Através de estudos bioquímicos, os pesquisadores encontraram uma ligação entre as proteínas adesivas SpaP B e Cnm e sua adesão a saliva e DMBT1, uma proteína da saliva. Eles também mostraram que a capacidade superior de ligação levou ao aumento de cárie ao longo dos cinco anos de estudo. Com base nos resultados, os pesquisadores estabeleceram que crianças de alto risco têm variantes mais virulentas de S. mutans, cuja função adesiva torna-os mais agressivos e mais sobreviventes.

“A cárie é um estilo de vida frequentemente causado pela comida e hábitos de higiene oral, que levam a um pH ácido na boca. O valor do pH tem um efeito prejudicial sobre o esmalte e ainda promove o crescimento de bactérias produtoras de ácido tais como Streptococcus mutans“, disse o Prof. Nicklas Strömberg, chefe do Departamento de Cariologia na universidade e principal autor do estudo.

Detecção precoce a partir de biomarcadores

“Este novo conhecimento dos tipos de bactérias identificadas e como iniciam a cárie pode ser usado para melhorar o atendimento odontológico individualizado. A presença das bactérias poderia ser utilizada como biomarcadores para detecção precoce de pacientes de alto risco.

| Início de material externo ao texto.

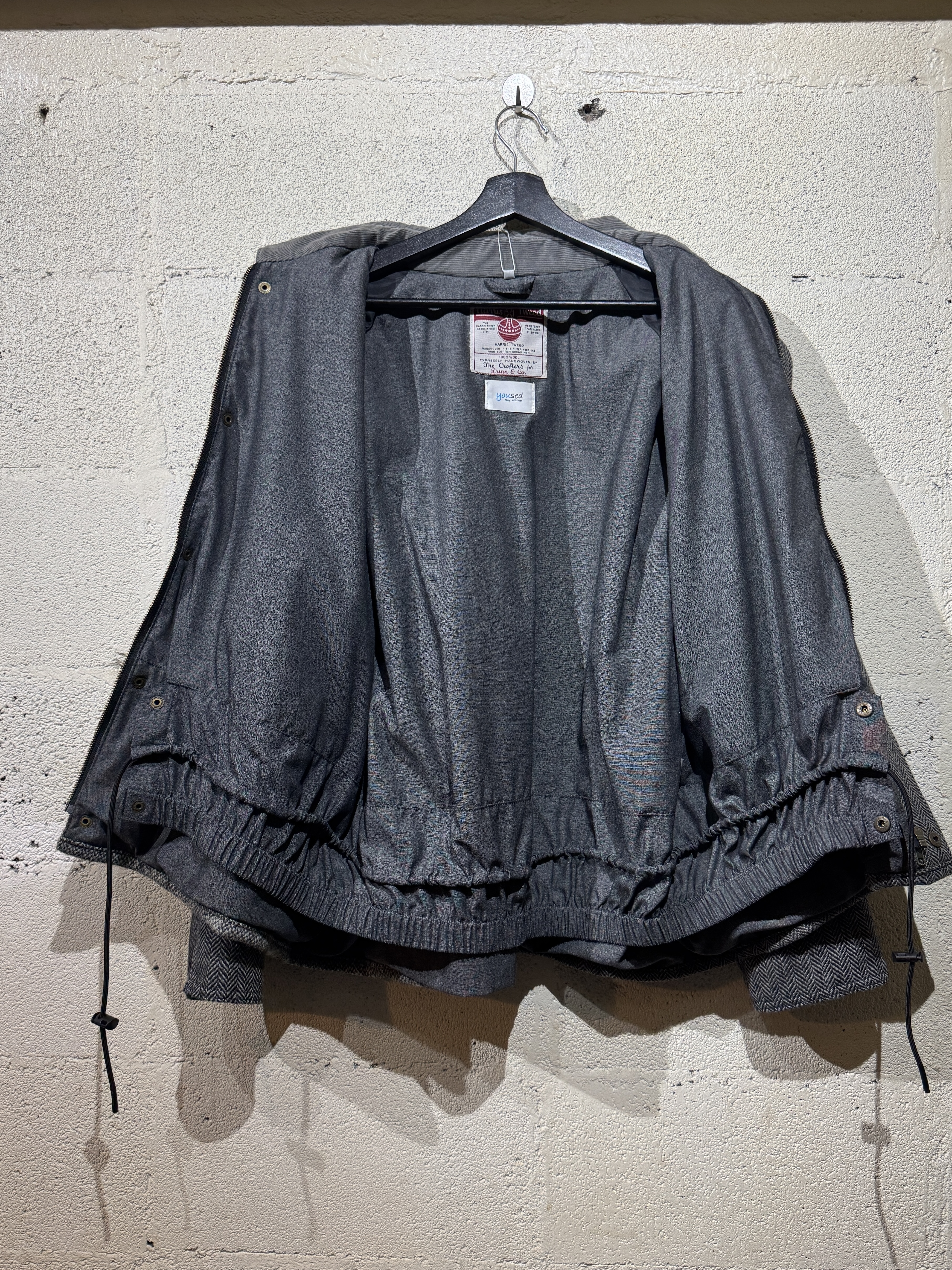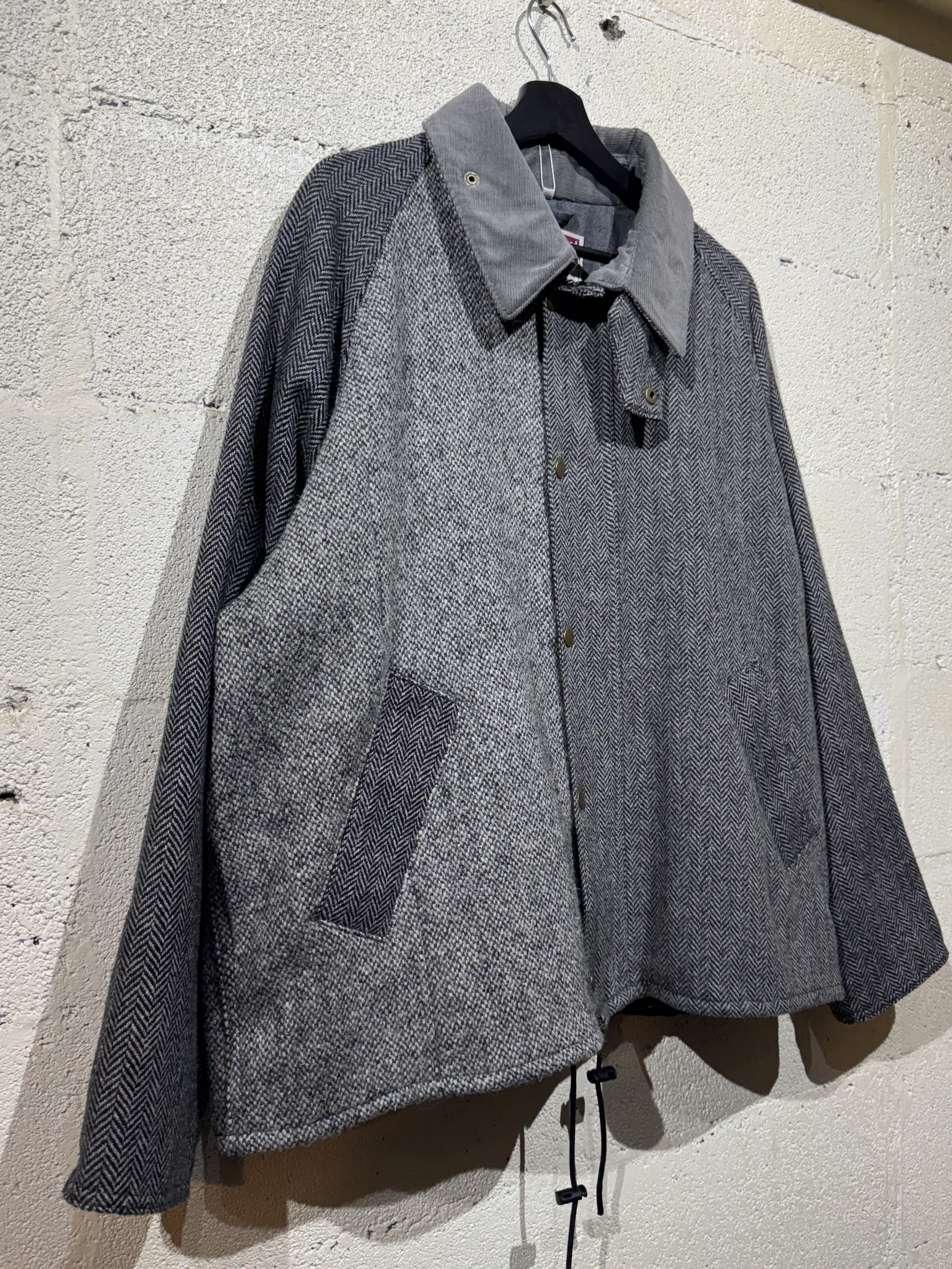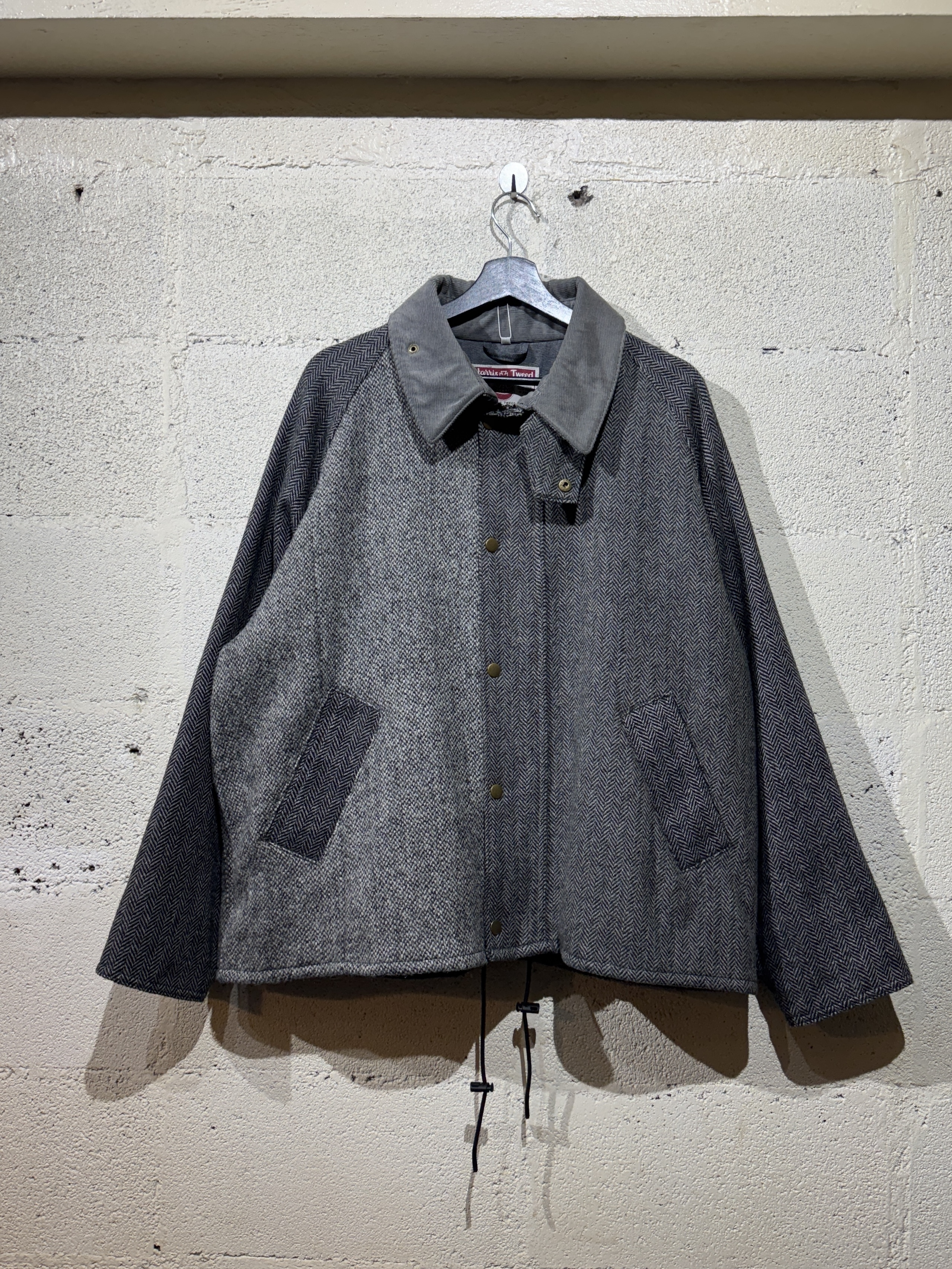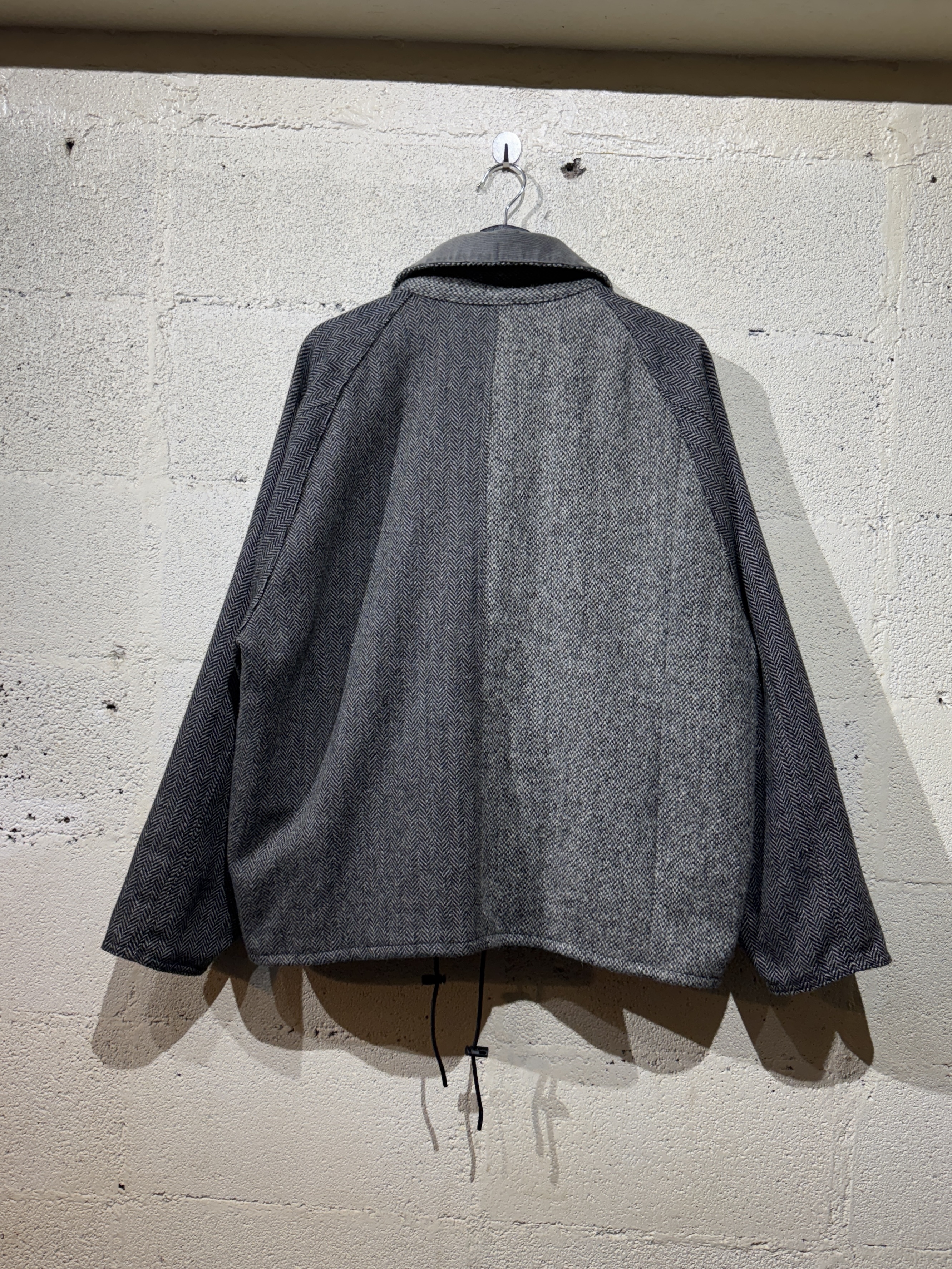 Hariss tweed drivers jacket ビンテージのハリスツイードジャケットを解体しドライバーズジャケットに再構築しました。 シルエット、サイズ感はyousedレザードライバーズジャケットと同じです。 ややゆったりとしたコーチジャケットタイプで合わせやすいデザインです。 カラーは大まかにブラウン系とグレー系の2種類、襟のコーデュロイもボディカラーに合わせてあります。 尚、ビンテージのハリスツイードを使用してますので全て1点ものとなり個性を大切にしたyousedらしいデザインです。 サイズは1、2の2サイズ展開です。 当商品のカラーはグレー系です。 着画は170cm.60kgのものがサイズ1を着用しています。 詳細寸法 サイズ:1 着丈:68cm 身幅:68cm 裄丈:87cm

Além disso, a sua função adesiva pode constituir novos alvos para o tratamento”, disse Strömberg.

Segundo Strömberg, em um trabalho ainda a ser publicado, sua equipe descobriu que outras crianças de alto risco têm defeitos genéticos em seus receptores salivares para bactérias, e os genes afetados podem envolver os associados com doenças auto-imunes. No entanto, ele declarou: “Ainda é importante enfatizar que a cárie em muitos indivíduos de baixo a moderado risco ainda é modulada por comida e hábitos de higiene oral”.

O estudo, intitulado “Streptococcus mutans biótipos de adesina que correspondem e predizem o desenvolvimento de cárie individual”, foi publicado recentemente no EBioMedicine Journal.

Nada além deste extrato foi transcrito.